= Beginning of Section =
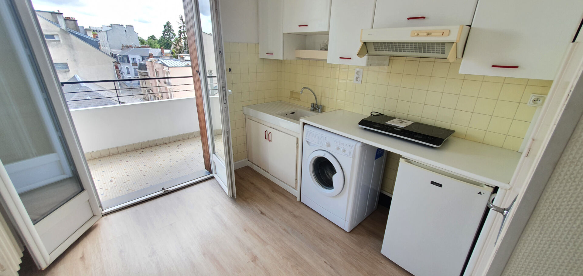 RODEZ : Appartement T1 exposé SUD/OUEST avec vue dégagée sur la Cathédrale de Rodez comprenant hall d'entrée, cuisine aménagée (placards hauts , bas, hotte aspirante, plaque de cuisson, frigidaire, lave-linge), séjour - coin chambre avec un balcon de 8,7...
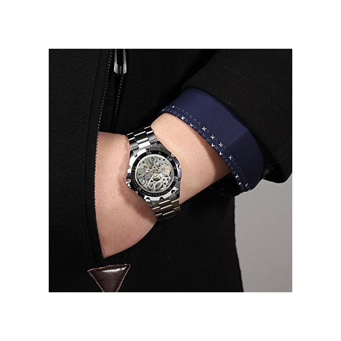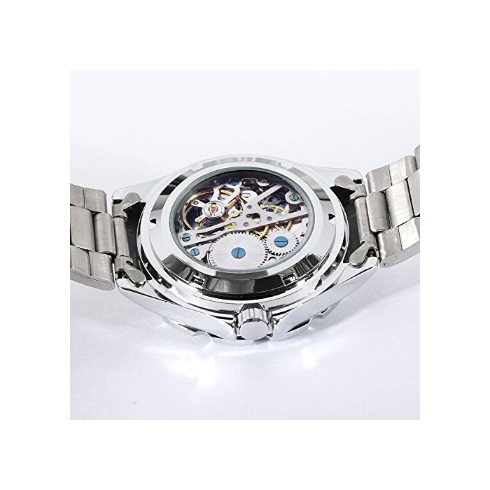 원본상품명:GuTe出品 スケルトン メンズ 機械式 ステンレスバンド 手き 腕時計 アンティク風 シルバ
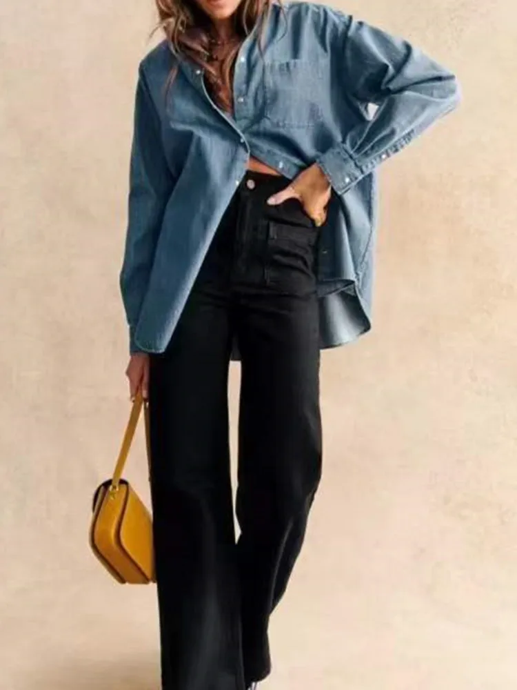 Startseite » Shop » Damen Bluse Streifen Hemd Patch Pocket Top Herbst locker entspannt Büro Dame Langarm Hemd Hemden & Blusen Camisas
= End of Section =
# AIM OF THE EXERCISE
Only the lines from the one with "원본상품명:GuTe出品 スケルトン メンズ" through the last line above belong in the answer. Reproduce them exactly, without the pictures.

# RESPONSE TO THIS TASK
 원본상품명:GuTe出品 スケルトン メンズ 機械式 ステンレスバンド 手き 腕時計 アンティク風 シルバ
 Startseite » Shop » Damen Bluse Streifen Hemd Patch Pocket Top Herbst locker entspannt Büro Dame Langarm Hemd Hemden & Blusen Camisas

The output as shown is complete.